• **WORK REQUEST**: The line containing "SHEIKHUPURA | |||" marks the end, so write out exactly every line from the top of the entries below through that one.
======
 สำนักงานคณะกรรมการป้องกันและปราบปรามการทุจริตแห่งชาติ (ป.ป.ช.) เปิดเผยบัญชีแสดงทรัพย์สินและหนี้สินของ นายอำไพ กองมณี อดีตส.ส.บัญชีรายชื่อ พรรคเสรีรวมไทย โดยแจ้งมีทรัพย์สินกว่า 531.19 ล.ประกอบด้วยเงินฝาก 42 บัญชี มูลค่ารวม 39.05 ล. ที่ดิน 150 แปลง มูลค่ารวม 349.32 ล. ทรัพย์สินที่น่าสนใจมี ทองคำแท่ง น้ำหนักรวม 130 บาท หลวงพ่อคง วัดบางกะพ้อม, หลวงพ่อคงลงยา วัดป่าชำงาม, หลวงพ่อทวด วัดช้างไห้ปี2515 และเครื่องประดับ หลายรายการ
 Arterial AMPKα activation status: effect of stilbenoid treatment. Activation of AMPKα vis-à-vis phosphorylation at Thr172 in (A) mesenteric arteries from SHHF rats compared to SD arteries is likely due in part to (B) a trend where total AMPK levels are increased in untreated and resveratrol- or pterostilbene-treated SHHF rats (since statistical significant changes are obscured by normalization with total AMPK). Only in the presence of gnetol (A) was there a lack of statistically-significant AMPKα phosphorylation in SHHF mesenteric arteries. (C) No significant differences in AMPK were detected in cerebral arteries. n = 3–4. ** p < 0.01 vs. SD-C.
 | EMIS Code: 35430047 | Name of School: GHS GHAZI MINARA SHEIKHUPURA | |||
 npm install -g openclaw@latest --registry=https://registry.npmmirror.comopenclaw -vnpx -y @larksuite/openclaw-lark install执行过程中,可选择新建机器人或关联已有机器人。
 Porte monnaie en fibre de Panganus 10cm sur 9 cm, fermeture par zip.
======
• **RESPONSE AREA**:
 สำนักงานคณะกรรมการป้องกันและปราบปรามการทุจริตแห่งชาติ (ป.ป.ช.) เปิดเผยบัญชีแสดงทรัพย์สินและหนี้สินของ นายอำไพ กองมณี อดีตส.ส.บัญชีรายชื่อ พรรคเสรีรวมไทย โดยแจ้งมีทรัพย์สินกว่า 531.19 ล.ประกอบด้วยเงินฝาก 42 บัญชี มูลค่ารวม 39.05 ล. ที่ดิน 150 แปลง มูลค่ารวม 349.32 ล. ทรัพย์สินที่น่าสนใจมี ทองคำแท่ง น้ำหนักรวม 130 บาท หลวงพ่อคง วัดบางกะพ้อม, หลวงพ่อคงลงยา วัดป่าชำงาม, หลวงพ่อทวด วัดช้างไห้ปี2515 และเครื่องประดับ หลายรายการ
 Arterial AMPKα activation status: effect of stilbenoid treatment. Activation of AMPKα vis-à-vis phosphorylation at Thr172 in (A) mesenteric arteries from SHHF rats compared to SD arteries is likely due in part to (B) a trend where total AMPK levels are increased in untreated and resveratrol- or pterostilbene-treated SHHF rats (since statistical significant changes are obscured by normalization with total AMPK). Only in the presence of gnetol (A) was there a lack of statistically-significant AMPKα phosphorylation in SHHF mesenteric arteries. (C) No significant differences in AMPK were detected in cerebral arteries. n = 3–4. ** p < 0.01 vs. SD-C.
 | EMIS Code: 35430047 | Name of School: GHS GHAZI MINARA SHEIKHUPURA | |||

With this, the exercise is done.